Last weekend I attended a wedding where I had the pleasure of seeing several former students after many years. One student in particular stood out. Rob, who I have not seen since he was in grade 9 science, was there with his wife and 2 children. To say Rob struggled in school would be an understatement. He spent most of his time in detention (very popular then) for his hi-jinx in Foods class and in the principal’s office for various infractions. To put it bluntly Rob was a juvenile delinquent; in trouble both in school and out.
Rob was also an energetic, outgoing and charismatic young man. He loved to make people laugh and always had a twinkle in his eye. Rob was a handful in class; he loved to talk, joke and demanded lot of attention.
At the end of the school year Rob presented me with a card and a wooden bowl that he had made in shop class. The card is long gone but the bowl still sits on my desk in a place of honour.
When I saw Rob last weekend I was happy to tell him and his wife that I still had the bowl and i had thought of him many times over the years as I reached for a paper clip. As we talked at the wedding he described some challenging years after high school. Then he met his wife and his priorities had shifted.

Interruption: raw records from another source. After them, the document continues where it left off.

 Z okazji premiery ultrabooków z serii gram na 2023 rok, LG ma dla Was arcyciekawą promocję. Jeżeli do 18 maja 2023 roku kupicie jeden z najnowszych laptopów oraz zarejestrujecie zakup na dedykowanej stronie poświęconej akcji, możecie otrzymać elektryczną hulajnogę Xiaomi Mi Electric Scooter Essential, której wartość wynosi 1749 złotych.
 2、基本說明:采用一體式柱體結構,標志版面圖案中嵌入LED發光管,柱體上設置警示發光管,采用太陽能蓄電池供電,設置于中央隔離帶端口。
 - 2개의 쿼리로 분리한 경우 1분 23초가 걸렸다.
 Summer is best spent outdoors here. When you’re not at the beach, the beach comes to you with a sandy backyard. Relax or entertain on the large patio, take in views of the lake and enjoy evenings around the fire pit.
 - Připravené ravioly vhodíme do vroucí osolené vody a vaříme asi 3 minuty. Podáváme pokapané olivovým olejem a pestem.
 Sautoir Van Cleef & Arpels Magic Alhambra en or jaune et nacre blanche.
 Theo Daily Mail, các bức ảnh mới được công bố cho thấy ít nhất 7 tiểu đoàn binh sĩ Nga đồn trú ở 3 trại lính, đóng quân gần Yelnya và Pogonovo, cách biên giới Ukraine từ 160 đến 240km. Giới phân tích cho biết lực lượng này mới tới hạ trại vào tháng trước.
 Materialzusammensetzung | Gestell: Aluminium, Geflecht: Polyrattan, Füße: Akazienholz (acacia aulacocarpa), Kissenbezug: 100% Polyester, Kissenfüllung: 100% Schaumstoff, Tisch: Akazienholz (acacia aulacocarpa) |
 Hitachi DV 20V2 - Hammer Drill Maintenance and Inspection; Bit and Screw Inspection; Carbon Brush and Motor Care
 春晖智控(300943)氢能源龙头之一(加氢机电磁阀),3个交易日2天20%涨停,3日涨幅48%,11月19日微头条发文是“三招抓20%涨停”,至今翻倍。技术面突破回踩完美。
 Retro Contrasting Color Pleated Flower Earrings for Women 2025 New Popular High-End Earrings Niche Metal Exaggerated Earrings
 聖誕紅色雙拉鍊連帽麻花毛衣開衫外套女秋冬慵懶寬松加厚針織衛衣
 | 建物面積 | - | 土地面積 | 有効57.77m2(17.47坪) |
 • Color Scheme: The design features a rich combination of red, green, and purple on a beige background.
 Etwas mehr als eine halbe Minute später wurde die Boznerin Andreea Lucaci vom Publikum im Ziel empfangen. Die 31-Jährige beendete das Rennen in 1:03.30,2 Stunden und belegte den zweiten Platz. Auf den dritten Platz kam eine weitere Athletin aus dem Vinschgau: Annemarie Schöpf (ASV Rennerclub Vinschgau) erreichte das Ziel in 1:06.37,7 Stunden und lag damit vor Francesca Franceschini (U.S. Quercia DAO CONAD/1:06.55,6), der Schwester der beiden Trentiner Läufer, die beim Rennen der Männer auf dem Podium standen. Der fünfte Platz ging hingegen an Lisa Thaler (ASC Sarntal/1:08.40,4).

Standing there on the lawn, seeing Rob both as a grown man and as the teenager I had known, was enough for me; to see Rob with love in his eyes for his beautiful wife and children. He was happy, healthy with a steady job, he had love and purpose for his life.
In that moment, all the angst and hassle of having Rob in my class was validated and the why was revealed.
Sometimes as educators it is challenging to find and connect to the urgency of our why. At times we may be tempted dismiss a child “as too much work”” or to rationalize that the child “will never be successful” and to focus on those who will be. I would be dishonest if I did not admit that I have have had those very thoughts myself and I think they are normal to have (just not to act on).
According to the evidence of school Rob was not “successful” and many predicted he was doomed to a life deemed “unsuccessful”.
And here is the thing, it is hard…very very hard…to believe in what you can’t see…
We can never see the depths of our impact on the lifetime’s of the children we work with. We can never see the potential for change and growth that resides inside each and every one of us.
And we don’t always get to see the Rob’s and all they have become.
But we can most certainly believe…
Faith is a place of mystery, where we find the courage to believe in what we cannot see and the strength to let go of our fear of uncertainty.